Chaffee County’s trail system continues to evolve in progressive ways, a trend that permeates the region and state as a whole. Much of it comes down to the builders and their personal riding styles. Take, for example, Breckenridge open space and trails operations supervisor Tony Overlock. He started as a seasonal digger in 2005, and you could argue that no one has had a more direct role in expanding the town’s network since then. A soft spoken New Englander who grew up riding snowmobile corridors in Maine, Overlock doesn’t like to ride lame trails, so they don’t get built—even the green runs are swoopy and fun.
The same can be said of Troy Heflin, owner of Higher Ground Earthworks, who does most of the town’s machine work. He’s a former pro downhiller who has worked with excavators since he was a kid. “I think the level of our trail design and what we’re creating is so elevated from what we used to do 10 years ago,” Overlock says. “It’s incredible what you can sculpt and shape out of old tailings piles and ditches to be able to build these awesome freeride trails.”
No line exemplifies that—or the reason why the network is so stout in the first place—like Hard Luck, a machine-built joyride that snakes through the trees in the Golden Horseshoe northeast of Breckenridge’s toniest neighborhood, the Highlands. The short but radical trail, wedged between Fall Classic and the Upper Flume, crosses town, county, and Forest Service land, which presented a unique challenge for Overlock and his crew when designing it—even though they regularly build on all three agencies’ land. The feds didn’t want anything that carried much risk on their portion, so with only about 2,800 linear feet to work with, the descent had to thread some needles.

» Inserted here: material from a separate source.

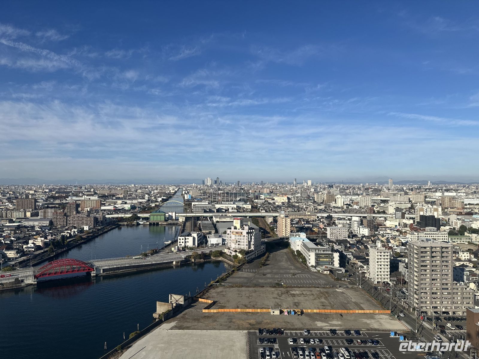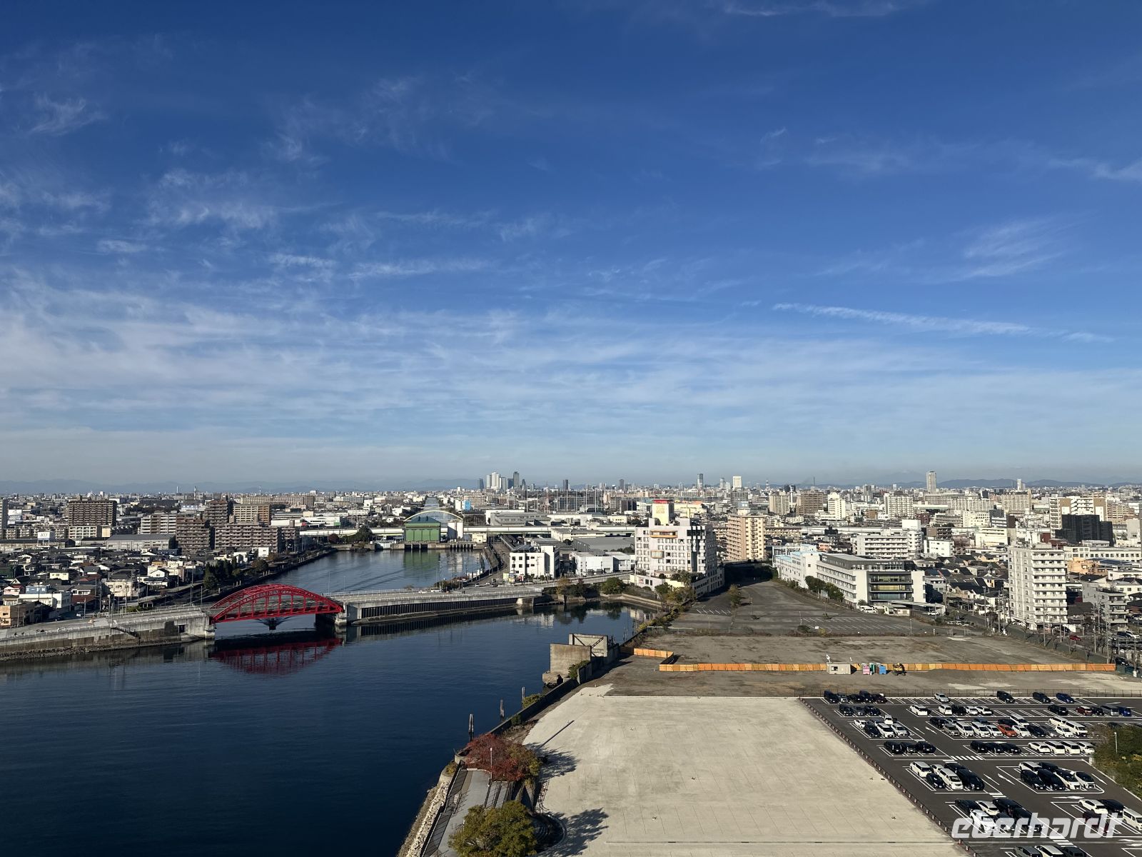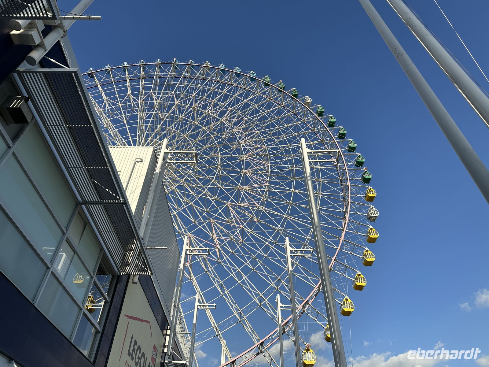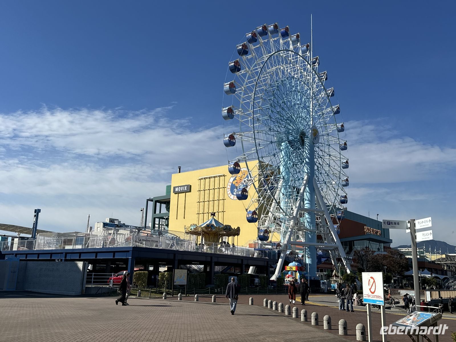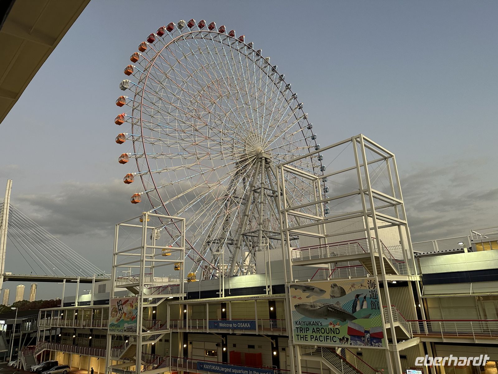 Unser nächstes Ziel ist der Besuch des Osu Kannon Tempels, der eine faszinierende Mischung aus Spiritualität, Geschichte und lebendigem urbanem Leben bieten soll. Der Tempel selbst ist ein buddhistischer Tempel der Shingon-Sekte, der mitten im Herzen des lebhaften Ōsu-Viertels liegt. Er dient als eine Oase der Ruhe und Beschaulichkeit inmitten des Trubels der angrenzenden Einkaufsstraßen. Und hier kommt der heutige Konflikt: Kultur oder Kulinarik? Für beides nacheinander reicht die Zeit nicht aus. Der heutige Tempel ist eine Rekonstruktion aus dem 20. Jahrhundert, da der ursprüngliche Bau aus dem Jahr 1333 im Laufe der Geschichte, unter anderem durch Brände und Kriegsschäden, zerstört wurde. Im Zentrum der Verehrung steht eine große, geschnitzte Holzstatue der Kannon, der Göttin der Barmherzigkeit, die der Tempel seinem Namen verdankt. Unterhalb der Haupthalle befindet sich das Shinpukuji-Athenäum oder auch die Tempel-Bücherei. Es beherbergt eine außergewöhnlich wertvolle Sammlung von über 15.000 klassischen chinesischen und japanischen Texten. Darunter befinden sich Kopien des Kojiki, der ältesten überlieferten Chronik der japanischen Frühgeschichte und Mythologie. Der Tempel ist das spirituelle Zentrum des umliegenden Osu-Viertels, einem der bekanntesten Einkaufs- und Kulturviertel Nagoyas. Die angrenzende, überdachte Einkaufspassage ist ein regelrechtes Netz aus Gängen und Gassen, so groß als ob es ein ganzes Stadtviertel ist. Hier kann man japanischen Tee oder Kimonos kaufen oder sich durch die lokale Küche futtern. Auf unserem Wunschzettel steht heute Miso, in der Annahme, dass es sich um eine Suppe handelt. Allerdings, wie ich nun las, ist Miso eigentlich ein Gewürz, kein Wunder, dass die Bedienung der Restaurants uns immer kopfschüttelnd abgewiesen hat, nein Miso hätten sie nicht. In der kleinen Kaschemme, die wir dann ausfindig machen, ist der Wirt klever und erkennt in uns Touristen, denen man alle unterjubeln kann. Ja, Miso hätte er. Er serviert uns eine braune Suppe, die ein bisschen nach Maggi schmeckt, für uns aber als leckere Miso-Suppe durchgeht (Hauptsache lokal). Da die Suppe doch eher übersichtlich ist, was die Sättigung betrifft, bestellen wir noch Sashimi nach und der Wirt zaubert uns eine wundervolle Platte mit exklusiven Köstlichkeiten. Und eine andere Besonderheit erleben wir hier noch. Neben uns hat eine junge Japanerin Platz genommen, die sich Sake bestellt. Dieser wird aus einer riesigen Flasche – vielleicht 1,5 Liter – eingeschenkt. Das Glas steht in einem viereckigen Kästchen und es wird so viel Sake eingegossen, bis auch das Kästchen voll ist. Das wollen wir auch! Zum großen Erstaunen unserer Gastgeber bestellen wir dieses besondere Getränk auch für uns. Nun, geschmacklich ist es eben Sake, aber die Prozedur macht es hier aus. Nach diesem lokalen Erlebnis müssen wir rennen, um pünktlich am Bus zu sein, was wir nicht schaffen, wir sind fünf Minuten zu spät (peinlich). Am Nachmittag haben wir noch Zeit, das Hafengelände auf eigene Faust zu erkunden. Mit dem Riesenrad (das scheint es hier in jedem Hafen zu geben) geht es hoch hinaus und wir haben einen fantastischen Blick auf unser Schiff und die Stadt. Alternativ gibt es direkt im Hafengebäude einen Turm, auf den man gegen eine kleine Gebühr fahren kann.

“The Forest Service’s liability and willingness to commit to it was, Yes, we understand that you want to have a bike-recommended trail, but we want features to be low consequence and low to the ground,” Overlock says. “So we mainly built berms for those sections, then when we got on town and county land, we had a blank slate. That’s where you see the more aggressive jumps and tables and drops.”
Three years into its existence, Hard Luck has become a local favorite, incorporating 100-year-old mining features as takeoffs and landings and generally delivering a roller-coaster feel on north-facing dirt that stays perpetually tacky.
Collaboration remains a stamp of the Blue River watershed. SCoMBA often partners with the Summit County Off-Road Riders, a motorized group, to build or improve shared trails like the Tenderfoot zone near Dillon. There is rarely a time when you ride alpine trail that is not in perfect, if rugged, condition—a benefit to having nationally relevant singletrack and a reputation to uphold. Constant upkeep is what keeps it prime. Proximity is the supplemental luxury.
Hills once left his home in Summit Cove and rode south to the Colorado Trail, then up and over the Tenmile Range—twice—before taking the 3,000-foot Wheeler South descent into Breckenridge and eventually spinning back to Frisco to lap the dirt jumps until sunset, at which point he headed home. He was out for 12 hours and roughly 50 miles. Rides like that root him to the place.
“Ease of access is important to me,” Hills says. “Being able to literally open the door and start pedaling is a huge privilege. Most people don’t have that.”
Here, it’s hard to find anyone who doesn’t.